Дема фыркнул, но сдержался. Малец никогда не был крепок, лес понял это раньше других, а теперь и кровная мать приняла простую истину: сын ее мало что не тот, так и не сын почти. Пустой да хилый, как болотный сморчок. Ничего, и вдвоем сдюжим. Не Хозяина провожаем, свита прощальная ни к чему. Подумаешь, девку родная сестра серпом посекла, невелика беда для леса.
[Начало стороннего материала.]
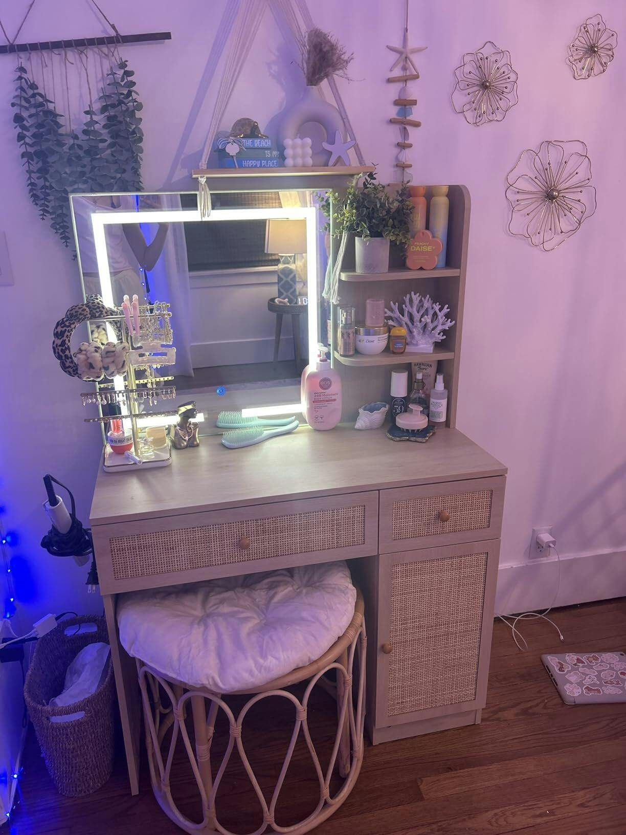 Yechen Home 35" Smart Vanity Desk Set with 3-Color LED Mirror, Power Outlet & Padded Stool - Natural is backordered and will ship as soon as it is back in stock.
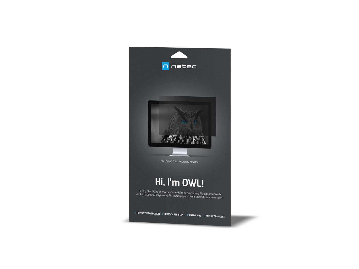 Filtr pro ochranu soukromí Natec Owl je nenápadný překryvný prvek na obrazovku notebooku nebo monitoru počítače. Plní důležitou funkci zabezpečení osobních a důvěrných údajů. Filtr je k dispozici v mnoha velikostech: 13,3", 14", 15,6", 21,5", 23,8", 24", 27".
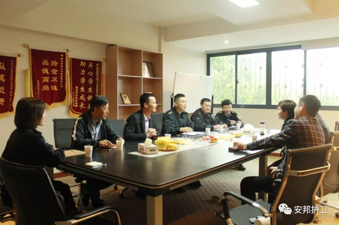 保安服务公司总经理鲁家富一行前往衢州首安卫士保安服务有限公司进行业务交流。双方相互介绍了公司的发展现状、运营管理模式、保安队伍管理等情况,并就日常工作中遇到的困难和问题进行了沟通探讨,相互借鉴、学习,以寻求更好的解决方法,开创保安工作更加美好的未来。

Все это — гнилое и жестокое — ворочалось в Деме голосом Аксиньи. Кружилось, вторило, отдавалось эхом. Даже бросив их, старая ведьма оставалось где-то рядом, отравляя род изнутри. Дема попытался заглушить ее бормотание собственными мыслями, но тоска и скорбь, пришедшие вместе с ними, оказались куда тяжелее привычной материнской брани. Заходя в тихую спаленку сестер, Демьян спрятался за ворчанием Аксиньи, как за непробиваемой стеной. Спокойно шагнул к кровати, поднял на руки остывшее тело. За спиной тихонько застонала Глаша.
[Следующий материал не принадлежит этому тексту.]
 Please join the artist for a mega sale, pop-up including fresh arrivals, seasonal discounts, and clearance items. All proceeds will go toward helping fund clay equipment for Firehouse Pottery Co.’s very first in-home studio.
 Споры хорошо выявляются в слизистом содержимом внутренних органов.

Дура старая, совсем с ума сошла, слезы лить, когда путь прощальный начат. По ним, как по дорожке, все охочие до чужого горя сбегутся. Молчи! Молчи, неразумная. Дема бросил на тетку взгляд — его хватило, чтобы старуха подавилась плачем. И то хорошо, и на том спасибо. Демьян двинулся было к выходу, но тут из приоткрытого окна подул слабый ветерок, шевельнул занавеску, та пошла рябью, пропуская в комнату луч света. Разрезанное им надвое лицо Стешки вспыхнуло в почтительной полутьме. Та половина, что осталась скрыта, продолжала принадлежать мирно спящей — нежный овал лица, прикрытые веки, губы, тронутые легкой улыбкой. Но свет был куда безжалостнее, он высветил заострившийся нос, восковую кожу и безвольно приоткрытый рот. Стешка была красива нежной, сонной красотой, но мертва. Бесконечно, непоправимо мертва.
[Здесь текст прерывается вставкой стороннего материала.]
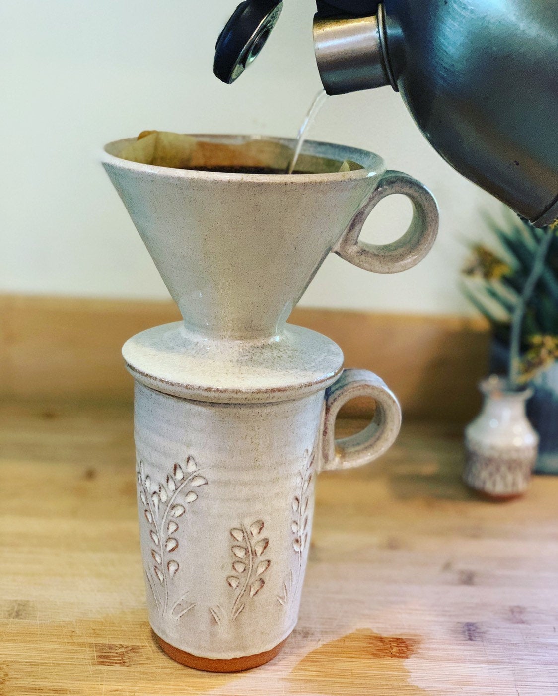 travel mug shown with coffee pour over. both are thrown on the potters wheel in red clay, the mug is carved with a vine pattern and they are glazed in speckled white glaze
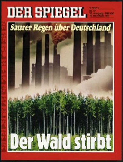 Den sextonde november 1981 prydde den tyska tidningen Der Spiegel sitt omslag med bilder på barrskog insvept i industrirök. Krigsrubriker förkunnade: Det finns något i luften och Skogen dör. Det kom sig av siffror från tyska myndigheter som sa att femtio procent av Tysklands skogsareal var död eller skadad. Även i Sverige fanns stora ytor med död skog, framförallt i de södra delarna.
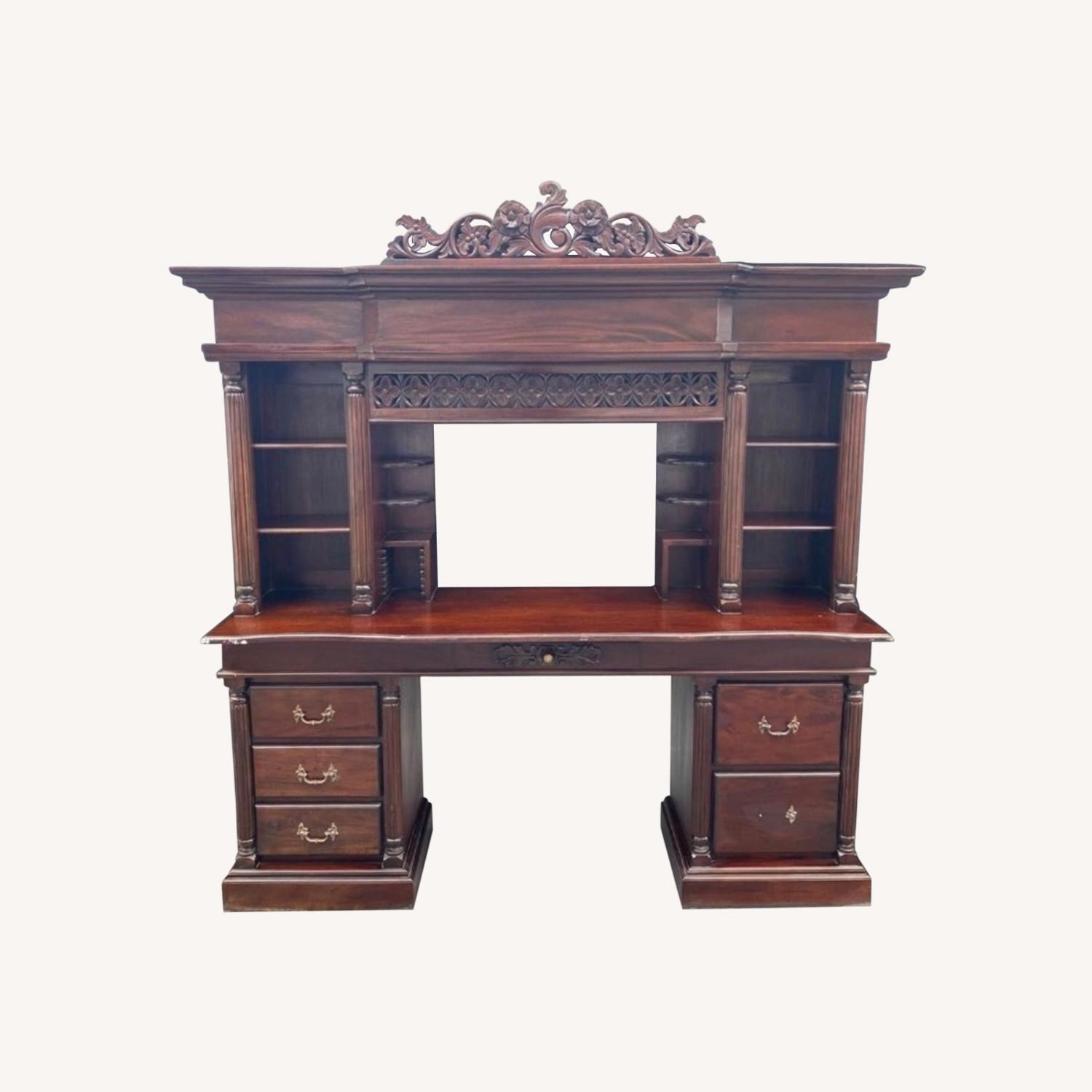 Seller's Notes:This hutch desk was 100% Indonesian wood handcrafted. Absolutely gorgeous with some minor damages (paint on one side of table and broken hardware). Wish I could keep it but my new place is much smaller. This desk has 5 drawers (4 deep drawers and 1 under the middle of the work space) and numerous shelves and cubbies. Great for a maximalist who likes to display their collection, anyone who utilizes many materials/tools and likes to keep them on hand, or someone who enjoys the intricacy of this piece.
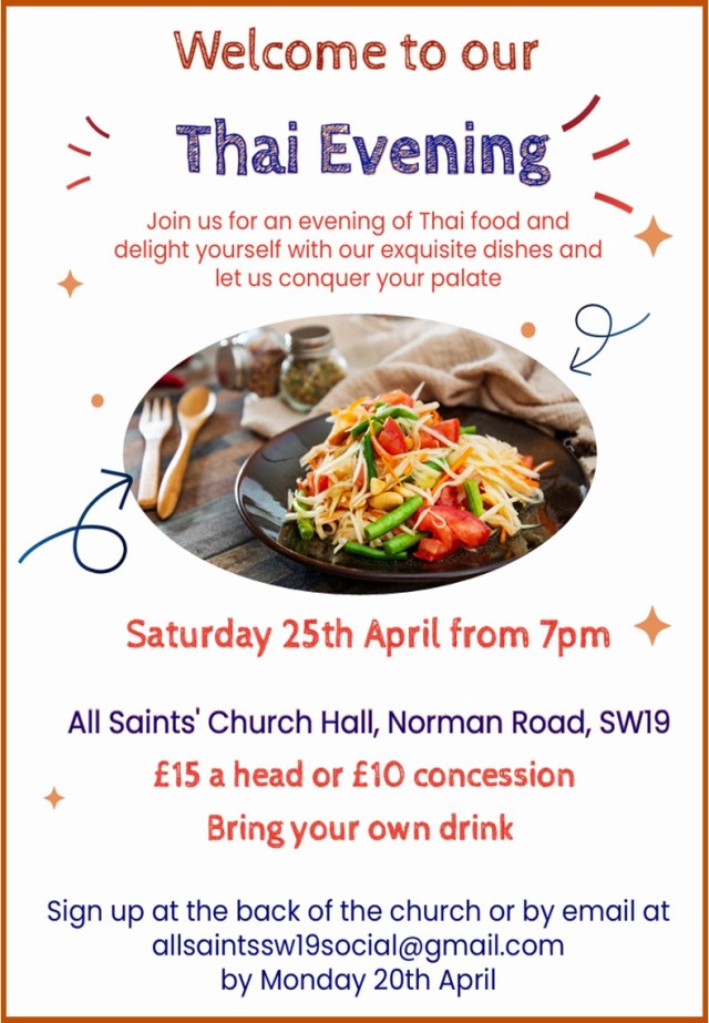 Where: All Saints Church Hall, Norman Road, SW19 1BT
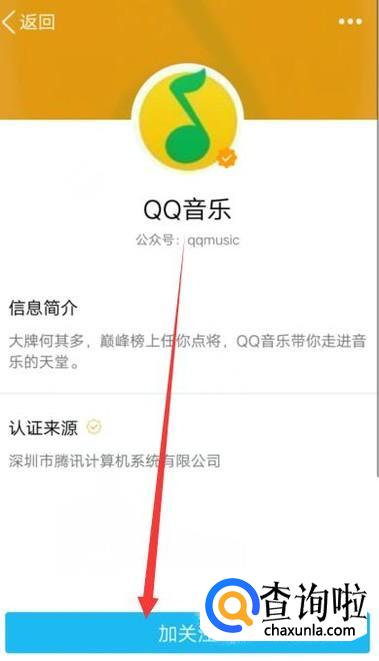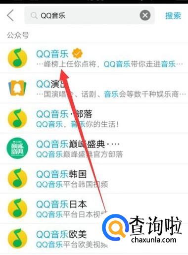 以QQ音乐公众号为例,切换之后,搜索QQ音乐,点击并进入,如图所示。
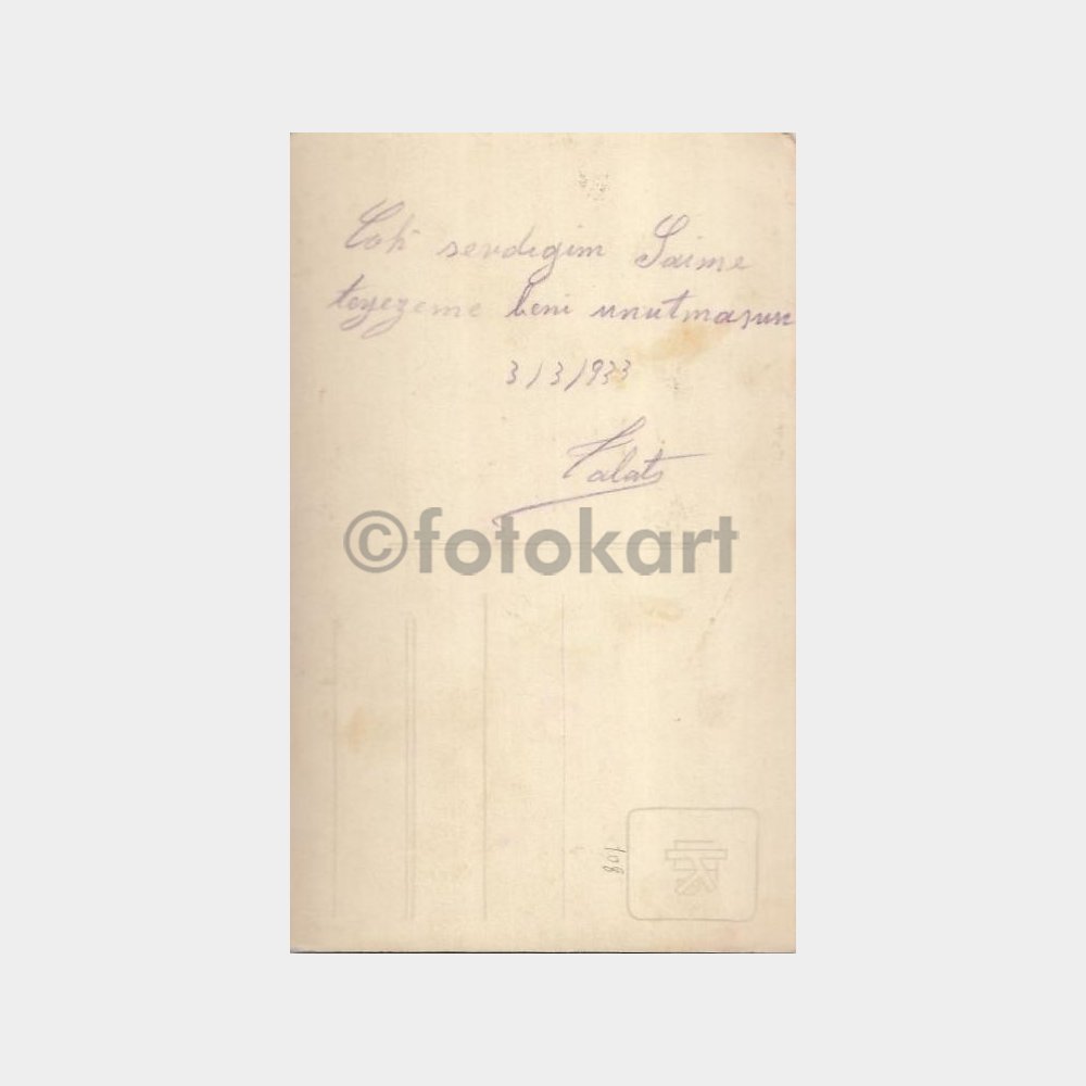 14 x 9 cm ebadında, arkası yazılı, Adana en önemli fotoğraf stüdyolarından Foto Raşit Zeki’nin çok değerli belgesel fotoğrafı.

Аксинья внутри Демы подавилась бранью, всхлипнула кашлем и замолчала. А он остался один на один с мертвой сестрой на руках. Колени задрожали, вот-вот подломятся. На лбу выступил холодный предобморочный пот. Дема рухнул бы прямо там, уронил бы Стешку и сам повалился бы на нее. Но Глаша, забытая им, выставленная за скобки горя, оказалась рядом. Подхватила Дему за локоть, прижалась щекой к плечу. Хлопок отцовской рубашки тут же промок от ее тихих слез.
— Пойдем, сыночек, пойдем… Не стыдно тосковать, не стыдно плакать. Что бы ведьма проклятая тебе ни говорила, знай сам, что не стыдно.
И они пошли. Прочь из пустынного дома по тропе к лобной поляне. Эта дорога стерлась из памяти, будто в омут болотной топи канули шаги, пройденные по ней. Демьян не ощущал ни тела, ни мыслей. Он стал волей леса, который готовился принять дочь свою, окончившую земной путь. От Стешки пахло сухой ромашкой и чистым льном савана. Дема вдыхал ее запах, пытаясь запомнить его, сохранить в себе. Горе по капле наполняло его. Отрывая пудовые ноги от земли, он все глубже увязал в неясном чувстве вины и боли.
— Не ходи, — попросила его сестра.
Но он ушел.
— Жутко тут, — призналась она.
Но он не поверил.
— Останься со мною, Дема, пожалуйста… — молила родная кровь, которую он должен был защитить.
Но он не защитил.
Погнался в лес, прикрываясь заботой о младшем. А на деле-то все, что нужно было ему, — отомстить проклятой ведьме. Матери своей. Ни того не сумел, ни этого. Глупый ты хорек, вонючий олух! Дема зарычал бы от бессилия и злости, но Стешка хранила молчание и он не мог нарушить его. И просто шел, чувствуя, как шаг в шаг с ним спешит Глаша, посыпая за собой дорогу дурманной медуницей.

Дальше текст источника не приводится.